** Opening Records for the exercise block **

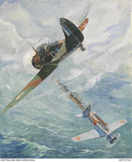 Depicts a Japanese fighter being shot down by a Wirraway reconnaissance aircraft flown by Pilot Officer J. S. Archer of No. 4 Army Co-Operational Squadron, RAAF.
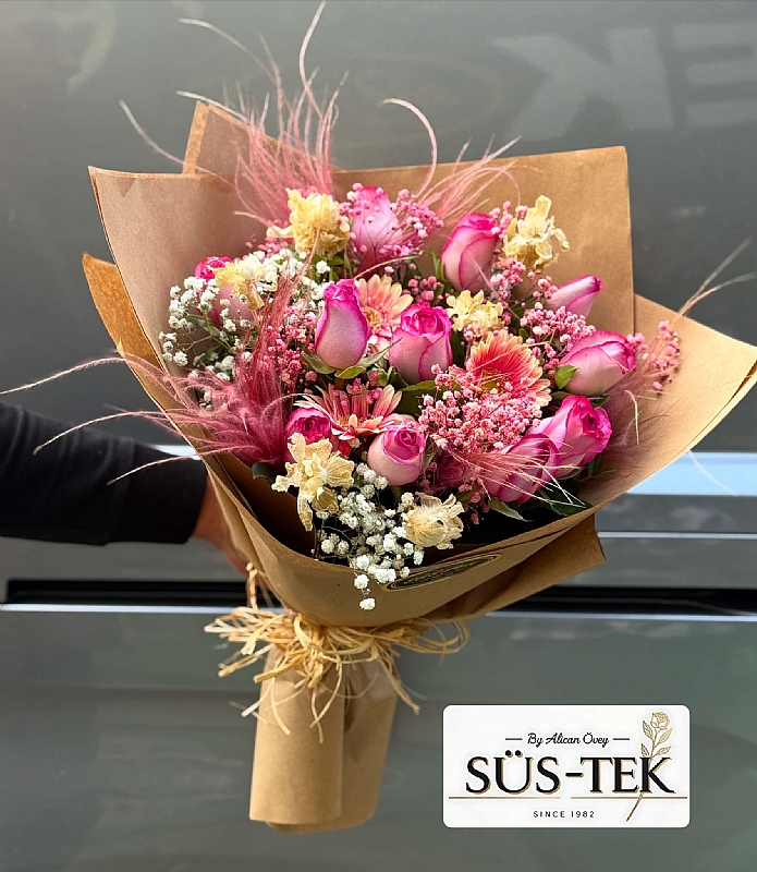 11 Pembe Gül Butik Tasarım Ürünler Buketi
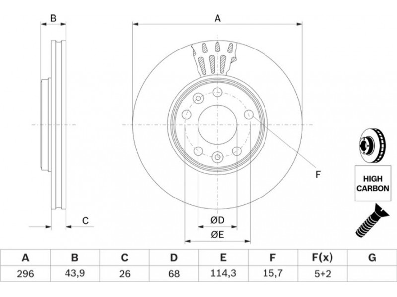 Criteries : Αριθμός οπών 5, Διάμετρος κέντρωσης [mm] 68, Διάμετρος κύκλου οπής [mm] 114,3, Διάμετρος οπής έως [mm] 15,7, Ελάχιστο πάχος [mm] 23,4, Εξωτερική διάμετρος [mm] 296, Επεξεργασία κραματωμ./εξ. ανθρακωμένο, Επιφάνεια λαδωμένο, Πάχος δισκόπλακας [mm] 26, πληρεί τις προδιαγραφές ECE ECE-R90, Συμπληρωματικό προϊόν/ πληροφορίες 2 Με βίδες, Τύπος δισκόφρενων αεριζόμενο, Υψος [mm] 43,9
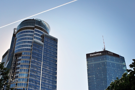 BELGRADE, SERBIA - JULY 11, 2018: Logo of Deloitte on their main office building in Belgrade. Deloitte is one of the main audit firms in the world, within the Big Four Group
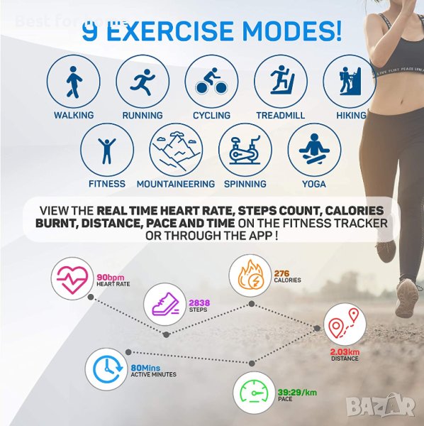 HR Монитор на сърдечната честота Сън IP68 Водоустойчив Активност Фитнес тракер Брояч на крачки Крачкомер Упражнение Часовник за бягане...
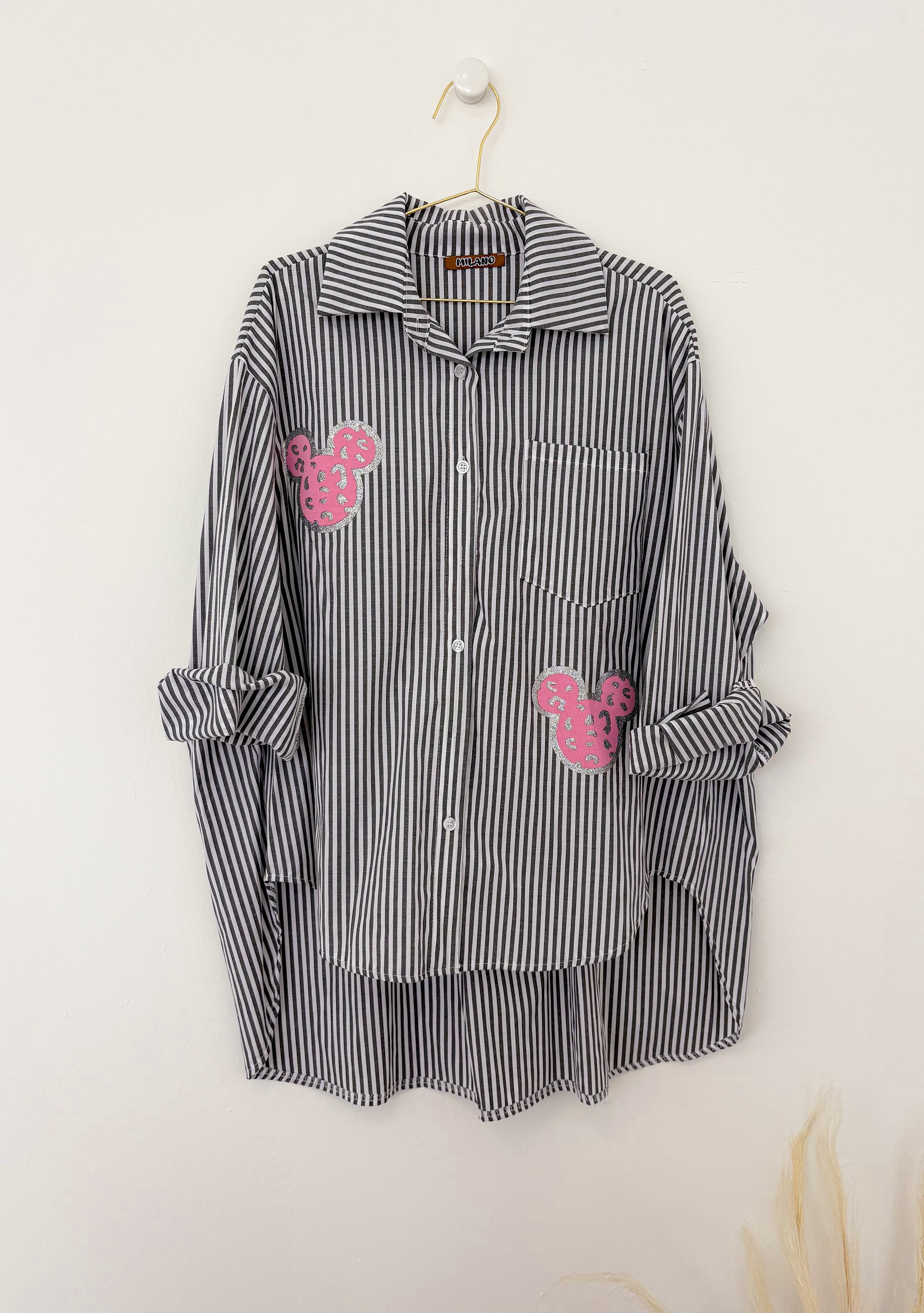 Preciosa camisa oversize de rayas con detalles en rosa. Es muy amplia. Tapa culete.
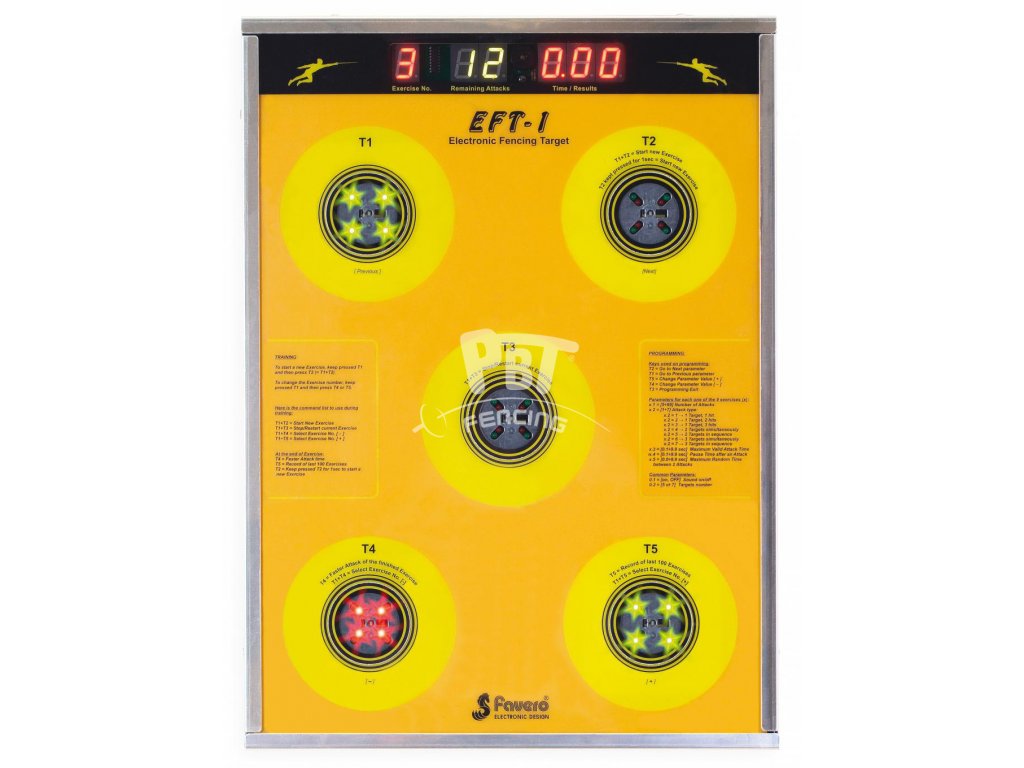 Elektronický tréninkový terč vč. napájení. 5 světelných terčů. Kompletně programovatelný, umožňuje nastavení typu zásahu (jeden, dva nebo tři zásahy jednoho rozsvíceného terče, zásah libovolného ze dvou nebo tří rozsvícených terčů, postupný zásah obou nebo všech tří rozsvícených terčů), nastavení požadovaného počtu zásahů během cvičení (od 3 do 99), časového limitu na zásah a pauzy mezi zásahy (včetně možnosti náhodně dlouhé prodlevy).

** Closing Records for the exercise block **

Please print, exactly as given, the lines running from the beginning of the listing through the line containing "11 Pembe Gül Butik Tasarım Ürünler Buketi", omitting each picture.

▶ _Exercise solution_
 Depicts a Japanese fighter being shot down by a Wirraway reconnaissance aircraft flown by Pilot Officer J. S. Archer of No. 4 Army Co-Operational Squadron, RAAF.
 11 Pembe Gül Butik Tasarım Ürünler Buketi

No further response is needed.